Aotearoa Casts Its Shadow on the Clouds
“There is a playful antagonism between the inhabitants of New Zealand’s two islands, North and South,” Man Booker Prize winner Eleanor Catton writes for the Guardian in a story about growing up in New Zealand.
“If you’re a North Islander: the South might have better views, but the North is superior because it has richer culture. If you’re a South Islander: the North might have richer culture, but the South is superior because it has better views.
“It’s a quarrel between substance and form, if you like, a question of emphasis – does a country’s nature owe most to its history, or to its land?

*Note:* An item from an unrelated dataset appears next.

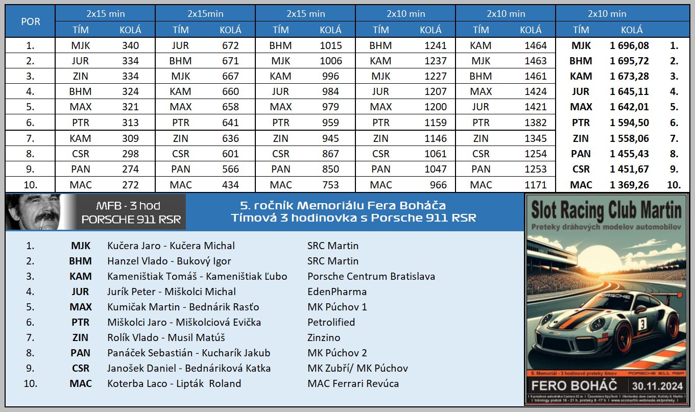 tri jazdy v trvaní dovedna 30 minút a súčet kôl zo všetkých 6 jázd týmu určil

“I grew up on the South Island, in a city chosen and beloved by my parents for its proximity to the mountains – Christchurch is two hours distant from the worn saddle of Arthur’s Pass, the mountain village that was and is my father’s spiritual touchstone, his chapel and cathedral in the wild.
“Travel brochures try to capture the quality of New Zealand’s panoramas with adjectives – ‘pristine, ‘untouched’, ‘majestic’. But the words seem cheap and insubstantial, however accurate they may be, in the face of the real thing. The language of description is always a matter of equivalence (a word equals the thing it describes) and so cannot contend with the sublime. But the language of paradox, oxymoron and subtle contradiction – the language of children – does better.
“Aotearoa is a land made perfect only by its opposites, the water and the air. It is both north and south at once. It is a land that casts its shadow on the clouds.”